▶ _Your instructions_: Pictures stay out of the copy; set down each line of the listing below exactly.

▶ _Given data_:
- - -

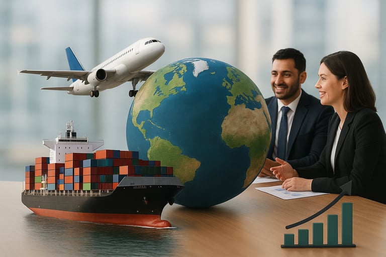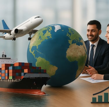 To empower businesses and governments across the globe by providing innovative consultancy, seamless trade solutions, strategic funding, and transformative travel services.
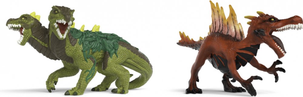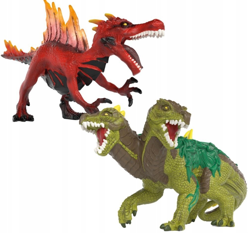 Láva proti džungli! Hurá do boje! Ohnivý dinosaurus a ještěr z džungle svádějí nervy drásající bitvu. Ohnivý dinosaurus otvírá mohutnou tlamu a cení své ostré zuby. Hrůza! Ještěr z džungle má hned dvě hlavy. Chce útočníka rozdrtit dvěma silnými kousnutími. Kdo vyhraje souboj? Raději se držte dál! Figurky se vejdou do BattleCaves.
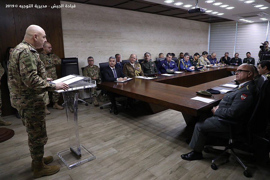 Բանակի հրամանատարը շնորհակալութիւն յայտնեց բոլոր երկիրներուն, որոնք կ՛օժանդակեն լիբանանեան բանակին` ըլլայ ան ահաբեկչութեան դէմ պայքարով, ՖԻՆԻՒԼ-ի առաքելութեան մասնակցութեամբ, թէ զինուորական օժանդակութիւն յատկացնելով: «Այդ կեցուածքը կը փաստէ լիբանանեան բանակին նկատմամբ ձեր վստահութիւնը, որովհետեւ դուք զայն հիմնական գործընկեր կը նկատէք` խաղաղութեան պահպանումին նպատակով: Այդ գործակցութեան շնորհիւ է, որ կարելի եղաւ բարելաւել լիբանանեան բանակին մարտական ու գումակային կարողութիւնները, եւ լիբանանեան բանակը յաւելեալ զօրակցութեան կը ձգտի», ըսաւ ան:
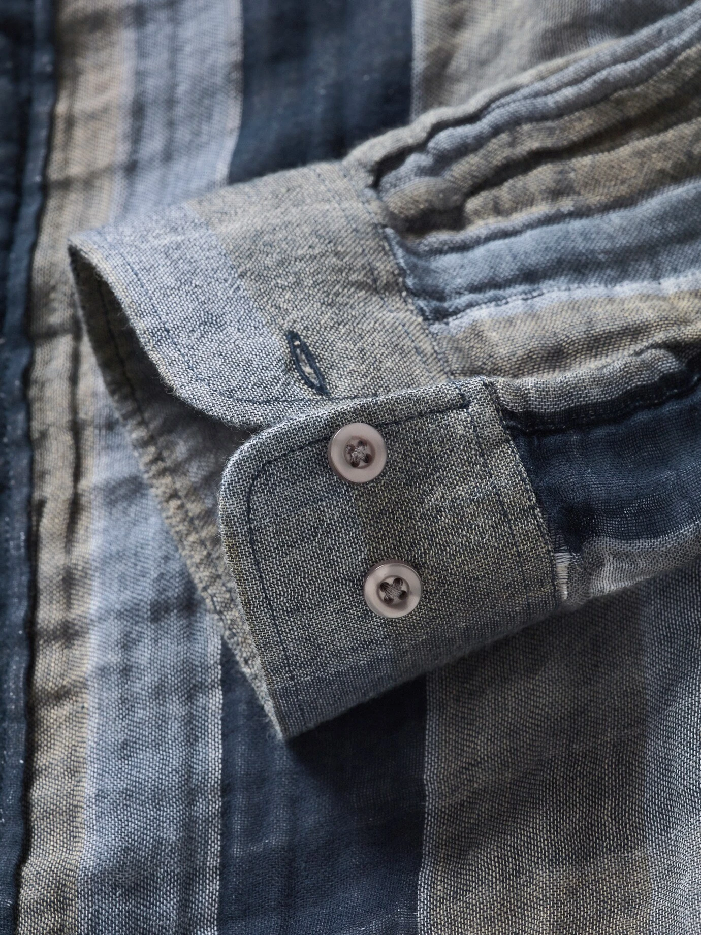 Der Öko unter den Hemden. Vom Anbau der Fasern, über das gesponnene Garn, dem gewebten Stoff bis zum fertigen Teil – hier werden alle Verarbeitungsstufen kontrolliert und nach GOTS (Global Organic Textile Standard) zertifiziert. Und so spiegelt sich die Naturverbundenheit auch im Design wider: ein Naturburschen-Karo in gediegener Farbkombination. Übrigens mit zwei Seiten: Zwei Stoffe, die mit feinen Stichen miteinander verbunden (gebondet) sind.

- - -

▶ _Answer to the problem_:
 To empower businesses and governments across the globe by providing innovative consultancy, seamless trade solutions, strategic funding, and transformative travel services.
 Láva proti džungli! Hurá do boje! Ohnivý dinosaurus a ještěr z džungle svádějí nervy drásající bitvu. Ohnivý dinosaurus otvírá mohutnou tlamu a cení své ostré zuby. Hrůza! Ještěr z džungle má hned dvě hlavy. Chce útočníka rozdrtit dvěma silnými kousnutími. Kdo vyhraje souboj? Raději se držte dál! Figurky se vejdou do BattleCaves.
 Բանակի հրամանատարը շնորհակալութիւն յայտնեց բոլոր երկիրներուն, որոնք կ՛օժանդակեն լիբանանեան բանակին` ըլլայ ան ահաբեկչութեան դէմ պայքարով, ՖԻՆԻՒԼ-ի առաքելութեան մասնակցութեամբ, թէ զինուորական օժանդակութիւն յատկացնելով: «Այդ կեցուածքը կը փաստէ լիբանանեան բանակին նկատմամբ ձեր վստահութիւնը, որովհետեւ դուք զայն հիմնական գործընկեր կը նկատէք` խաղաղութեան պահպանումին նպատակով: Այդ գործակցութեան շնորհիւ է, որ կարելի եղաւ բարելաւել լիբանանեան բանակին մարտական ու գումակային կարողութիւնները, եւ լիբանանեան բանակը յաւելեալ զօրակցութեան կը ձգտի», ըսաւ ան:
 Der Öko unter den Hemden. Vom Anbau der Fasern, über das gesponnene Garn, dem gewebten Stoff bis zum fertigen Teil – hier werden alle Verarbeitungsstufen kontrolliert und nach GOTS (Global Organic Textile Standard) zertifiziert. Und so spiegelt sich die Naturverbundenheit auch im Design wider: ein Naturburschen-Karo in gediegener Farbkombination. Übrigens mit zwei Seiten: Zwei Stoffe, die mit feinen Stichen miteinander verbunden (gebondet) sind.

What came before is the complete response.